Task prompt
Faithfully repeat all of the records, as they are written below.

Data for this task
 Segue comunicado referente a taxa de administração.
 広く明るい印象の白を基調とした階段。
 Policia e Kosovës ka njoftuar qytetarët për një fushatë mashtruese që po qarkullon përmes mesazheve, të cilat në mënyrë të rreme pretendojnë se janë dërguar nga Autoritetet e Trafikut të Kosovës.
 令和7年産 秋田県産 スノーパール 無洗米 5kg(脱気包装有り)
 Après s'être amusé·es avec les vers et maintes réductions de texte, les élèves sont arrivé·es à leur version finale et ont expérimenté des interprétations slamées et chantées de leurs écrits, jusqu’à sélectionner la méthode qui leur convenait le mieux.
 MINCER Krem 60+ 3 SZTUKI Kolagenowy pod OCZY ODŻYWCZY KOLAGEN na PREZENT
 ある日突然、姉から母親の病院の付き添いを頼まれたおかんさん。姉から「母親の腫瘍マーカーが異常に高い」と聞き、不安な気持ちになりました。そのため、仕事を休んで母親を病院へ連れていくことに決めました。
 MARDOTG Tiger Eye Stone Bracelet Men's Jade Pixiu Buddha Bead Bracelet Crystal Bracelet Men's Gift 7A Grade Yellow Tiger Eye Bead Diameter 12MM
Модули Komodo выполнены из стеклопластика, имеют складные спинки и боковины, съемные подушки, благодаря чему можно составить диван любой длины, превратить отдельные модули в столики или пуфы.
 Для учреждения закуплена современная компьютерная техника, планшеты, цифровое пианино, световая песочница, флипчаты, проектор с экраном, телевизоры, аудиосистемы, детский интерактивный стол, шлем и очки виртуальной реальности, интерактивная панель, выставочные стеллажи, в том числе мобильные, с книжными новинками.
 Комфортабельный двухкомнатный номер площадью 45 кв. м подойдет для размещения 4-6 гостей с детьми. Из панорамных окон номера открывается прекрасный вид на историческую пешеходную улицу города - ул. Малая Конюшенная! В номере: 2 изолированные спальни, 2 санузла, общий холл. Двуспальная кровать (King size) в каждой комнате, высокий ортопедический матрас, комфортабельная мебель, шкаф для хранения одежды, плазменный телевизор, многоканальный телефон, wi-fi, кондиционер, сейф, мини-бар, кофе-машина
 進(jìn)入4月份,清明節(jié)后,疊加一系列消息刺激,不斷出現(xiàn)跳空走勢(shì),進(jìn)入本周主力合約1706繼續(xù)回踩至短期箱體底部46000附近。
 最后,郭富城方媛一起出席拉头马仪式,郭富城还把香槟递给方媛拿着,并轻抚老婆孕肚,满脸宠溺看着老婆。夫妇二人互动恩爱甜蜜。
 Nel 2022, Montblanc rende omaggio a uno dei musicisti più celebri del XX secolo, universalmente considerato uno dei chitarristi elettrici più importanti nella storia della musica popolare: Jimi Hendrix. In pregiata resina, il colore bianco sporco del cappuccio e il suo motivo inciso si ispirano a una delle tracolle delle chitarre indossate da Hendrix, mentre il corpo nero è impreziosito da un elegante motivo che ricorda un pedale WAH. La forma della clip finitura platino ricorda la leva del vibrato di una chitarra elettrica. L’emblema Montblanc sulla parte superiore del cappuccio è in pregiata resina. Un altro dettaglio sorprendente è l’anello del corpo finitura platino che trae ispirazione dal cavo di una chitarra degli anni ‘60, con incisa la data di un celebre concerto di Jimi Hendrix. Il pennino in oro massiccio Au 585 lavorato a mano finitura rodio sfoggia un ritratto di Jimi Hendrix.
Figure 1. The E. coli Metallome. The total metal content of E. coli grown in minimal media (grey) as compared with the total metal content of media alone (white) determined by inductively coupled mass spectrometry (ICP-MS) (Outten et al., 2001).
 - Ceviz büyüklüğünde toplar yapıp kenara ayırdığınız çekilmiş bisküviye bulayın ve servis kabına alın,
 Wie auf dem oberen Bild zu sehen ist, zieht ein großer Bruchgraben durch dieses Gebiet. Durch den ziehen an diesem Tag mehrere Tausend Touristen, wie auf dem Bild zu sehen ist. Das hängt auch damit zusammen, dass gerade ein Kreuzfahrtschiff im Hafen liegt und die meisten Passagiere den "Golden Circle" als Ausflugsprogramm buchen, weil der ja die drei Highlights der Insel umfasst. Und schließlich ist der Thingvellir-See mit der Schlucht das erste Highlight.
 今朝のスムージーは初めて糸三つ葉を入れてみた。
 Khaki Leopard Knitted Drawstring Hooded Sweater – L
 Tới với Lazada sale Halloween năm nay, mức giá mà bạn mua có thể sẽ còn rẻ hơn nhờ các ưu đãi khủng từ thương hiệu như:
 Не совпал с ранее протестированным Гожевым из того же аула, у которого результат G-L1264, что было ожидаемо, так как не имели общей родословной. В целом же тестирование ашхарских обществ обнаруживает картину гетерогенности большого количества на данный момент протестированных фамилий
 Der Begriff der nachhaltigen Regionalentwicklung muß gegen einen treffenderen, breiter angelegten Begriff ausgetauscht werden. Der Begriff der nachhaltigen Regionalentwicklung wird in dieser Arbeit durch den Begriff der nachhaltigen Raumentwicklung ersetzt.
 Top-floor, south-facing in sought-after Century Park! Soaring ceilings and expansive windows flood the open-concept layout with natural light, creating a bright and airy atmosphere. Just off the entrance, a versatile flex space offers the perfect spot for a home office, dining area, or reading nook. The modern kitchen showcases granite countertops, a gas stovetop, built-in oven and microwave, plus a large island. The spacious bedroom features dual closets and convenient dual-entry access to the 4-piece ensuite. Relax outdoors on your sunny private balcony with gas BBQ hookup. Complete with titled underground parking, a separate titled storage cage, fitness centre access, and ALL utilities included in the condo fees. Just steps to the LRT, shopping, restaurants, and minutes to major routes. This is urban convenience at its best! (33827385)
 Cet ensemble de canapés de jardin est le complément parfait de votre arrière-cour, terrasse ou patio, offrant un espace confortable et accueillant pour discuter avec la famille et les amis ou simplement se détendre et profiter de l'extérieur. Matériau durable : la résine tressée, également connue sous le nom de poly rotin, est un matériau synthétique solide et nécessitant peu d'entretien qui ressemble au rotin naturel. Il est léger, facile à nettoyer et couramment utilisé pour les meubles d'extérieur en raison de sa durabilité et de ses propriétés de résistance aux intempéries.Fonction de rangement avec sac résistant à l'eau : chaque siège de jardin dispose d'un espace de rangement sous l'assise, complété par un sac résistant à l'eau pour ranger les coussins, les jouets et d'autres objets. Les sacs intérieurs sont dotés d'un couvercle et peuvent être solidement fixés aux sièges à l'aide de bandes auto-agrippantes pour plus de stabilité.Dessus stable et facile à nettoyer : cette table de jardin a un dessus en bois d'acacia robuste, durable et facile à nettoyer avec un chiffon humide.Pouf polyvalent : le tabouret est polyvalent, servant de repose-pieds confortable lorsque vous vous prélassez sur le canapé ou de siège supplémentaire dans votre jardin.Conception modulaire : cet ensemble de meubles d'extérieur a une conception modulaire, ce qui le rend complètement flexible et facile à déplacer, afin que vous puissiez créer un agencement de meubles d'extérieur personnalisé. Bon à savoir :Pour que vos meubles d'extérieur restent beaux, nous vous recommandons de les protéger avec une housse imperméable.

Response box
 Segue comunicado referente a taxa de administração.
 広く明るい印象の白を基調とした階段。
 Policia e Kosovës ka njoftuar qytetarët për një fushatë mashtruese që po qarkullon përmes mesazheve, të cilat në mënyrë të rreme pretendojnë se janë dërguar nga Autoritetet e Trafikut të Kosovës.
 令和7年産 秋田県産 スノーパール 無洗米 5kg(脱気包装有り)
 Après s'être amusé·es avec les vers et maintes réductions de texte, les élèves sont arrivé·es à leur version finale et ont expérimenté des interprétations slamées et chantées de leurs écrits, jusqu’à sélectionner la méthode qui leur convenait le mieux.
 MINCER Krem 60+ 3 SZTUKI Kolagenowy pod OCZY ODŻYWCZY KOLAGEN na PREZENT
 ある日突然、姉から母親の病院の付き添いを頼まれたおかんさん。姉から「母親の腫瘍マーカーが異常に高い」と聞き、不安な気持ちになりました。そのため、仕事を休んで母親を病院へ連れていくことに決めました。
 MARDOTG Tiger Eye Stone Bracelet Men's Jade Pixiu Buddha Bead Bracelet Crystal Bracelet Men's Gift 7A Grade Yellow Tiger Eye Bead Diameter 12MM
Модули Komodo выполнены из стеклопластика, имеют складные спинки и боковины, съемные подушки, благодаря чему можно составить диван любой длины, превратить отдельные модули в столики или пуфы.
 Для учреждения закуплена современная компьютерная техника, планшеты, цифровое пианино, световая песочница, флипчаты, проектор с экраном, телевизоры, аудиосистемы, детский интерактивный стол, шлем и очки виртуальной реальности, интерактивная панель, выставочные стеллажи, в том числе мобильные, с книжными новинками.
 Комфортабельный двухкомнатный номер площадью 45 кв. м подойдет для размещения 4-6 гостей с детьми. Из панорамных окон номера открывается прекрасный вид на историческую пешеходную улицу города - ул. Малая Конюшенная! В номере: 2 изолированные спальни, 2 санузла, общий холл. Двуспальная кровать (King size) в каждой комнате, высокий ортопедический матрас, комфортабельная мебель, шкаф для хранения одежды, плазменный телевизор, многоканальный телефон, wi-fi, кондиционер, сейф, мини-бар, кофе-машина
 進(jìn)入4月份,清明節(jié)后,疊加一系列消息刺激,不斷出現(xiàn)跳空走勢(shì),進(jìn)入本周主力合約1706繼續(xù)回踩至短期箱體底部46000附近。
 最后,郭富城方媛一起出席拉头马仪式,郭富城还把香槟递给方媛拿着,并轻抚老婆孕肚,满脸宠溺看着老婆。夫妇二人互动恩爱甜蜜。
 Nel 2022, Montblanc rende omaggio a uno dei musicisti più celebri del XX secolo, universalmente considerato uno dei chitarristi elettrici più importanti nella storia della musica popolare: Jimi Hendrix. In pregiata resina, il colore bianco sporco del cappuccio e il suo motivo inciso si ispirano a una delle tracolle delle chitarre indossate da Hendrix, mentre il corpo nero è impreziosito da un elegante motivo che ricorda un pedale WAH. La forma della clip finitura platino ricorda la leva del vibrato di una chitarra elettrica. L’emblema Montblanc sulla parte superiore del cappuccio è in pregiata resina. Un altro dettaglio sorprendente è l’anello del corpo finitura platino che trae ispirazione dal cavo di una chitarra degli anni ‘60, con incisa la data di un celebre concerto di Jimi Hendrix. Il pennino in oro massiccio Au 585 lavorato a mano finitura rodio sfoggia un ritratto di Jimi Hendrix.
Figure 1. The E. coli Metallome. The total metal content of E. coli grown in minimal media (grey) as compared with the total metal content of media alone (white) determined by inductively coupled mass spectrometry (ICP-MS) (Outten et al., 2001).
 - Ceviz büyüklüğünde toplar yapıp kenara ayırdığınız çekilmiş bisküviye bulayın ve servis kabına alın,
 Wie auf dem oberen Bild zu sehen ist, zieht ein großer Bruchgraben durch dieses Gebiet. Durch den ziehen an diesem Tag mehrere Tausend Touristen, wie auf dem Bild zu sehen ist. Das hängt auch damit zusammen, dass gerade ein Kreuzfahrtschiff im Hafen liegt und die meisten Passagiere den "Golden Circle" als Ausflugsprogramm buchen, weil der ja die drei Highlights der Insel umfasst. Und schließlich ist der Thingvellir-See mit der Schlucht das erste Highlight.
 今朝のスムージーは初めて糸三つ葉を入れてみた。
 Khaki Leopard Knitted Drawstring Hooded Sweater – L
 Tới với Lazada sale Halloween năm nay, mức giá mà bạn mua có thể sẽ còn rẻ hơn nhờ các ưu đãi khủng từ thương hiệu như:
 Не совпал с ранее протестированным Гожевым из того же аула, у которого результат G-L1264, что было ожидаемо, так как не имели общей родословной. В целом же тестирование ашхарских обществ обнаруживает картину гетерогенности большого количества на данный момент протестированных фамилий
 Der Begriff der nachhaltigen Regionalentwicklung muß gegen einen treffenderen, breiter angelegten Begriff ausgetauscht werden. Der Begriff der nachhaltigen Regionalentwicklung wird in dieser Arbeit durch den Begriff der nachhaltigen Raumentwicklung ersetzt.
 Top-floor, south-facing in sought-after Century Park! Soaring ceilings and expansive windows flood the open-concept layout with natural light, creating a bright and airy atmosphere. Just off the entrance, a versatile flex space offers the perfect spot for a home office, dining area, or reading nook. The modern kitchen showcases granite countertops, a gas stovetop, built-in oven and microwave, plus a large island. The spacious bedroom features dual closets and convenient dual-entry access to the 4-piece ensuite. Relax outdoors on your sunny private balcony with gas BBQ hookup. Complete with titled underground parking, a separate titled storage cage, fitness centre access, and ALL utilities included in the condo fees. Just steps to the LRT, shopping, restaurants, and minutes to major routes. This is urban convenience at its best! (33827385)
 Cet ensemble de canapés de jardin est le complément parfait de votre arrière-cour, terrasse ou patio, offrant un espace confortable et accueillant pour discuter avec la famille et les amis ou simplement se détendre et profiter de l'extérieur. Matériau durable : la résine tressée, également connue sous le nom de poly rotin, est un matériau synthétique solide et nécessitant peu d'entretien qui ressemble au rotin naturel. Il est léger, facile à nettoyer et couramment utilisé pour les meubles d'extérieur en raison de sa durabilité et de ses propriétés de résistance aux intempéries.Fonction de rangement avec sac résistant à l'eau : chaque siège de jardin dispose d'un espace de rangement sous l'assise, complété par un sac résistant à l'eau pour ranger les coussins, les jouets et d'autres objets. Les sacs intérieurs sont dotés d'un couvercle et peuvent être solidement fixés aux sièges à l'aide de bandes auto-agrippantes pour plus de stabilité.Dessus stable et facile à nettoyer : cette table de jardin a un dessus en bois d'acacia robuste, durable et facile à nettoyer avec un chiffon humide.Pouf polyvalent : le tabouret est polyvalent, servant de repose-pieds confortable lorsque vous vous prélassez sur le canapé ou de siège supplémentaire dans votre jardin.Conception modulaire : cet ensemble de meubles d'extérieur a une conception modulaire, ce qui le rend complètement flexible et facile à déplacer, afin que vous puissiez créer un agencement de meubles d'extérieur personnalisé. Bon à savoir :Pour que vos meubles d'extérieur restent beaux, nous vous recommandons de les protéger avec une housse imperméable.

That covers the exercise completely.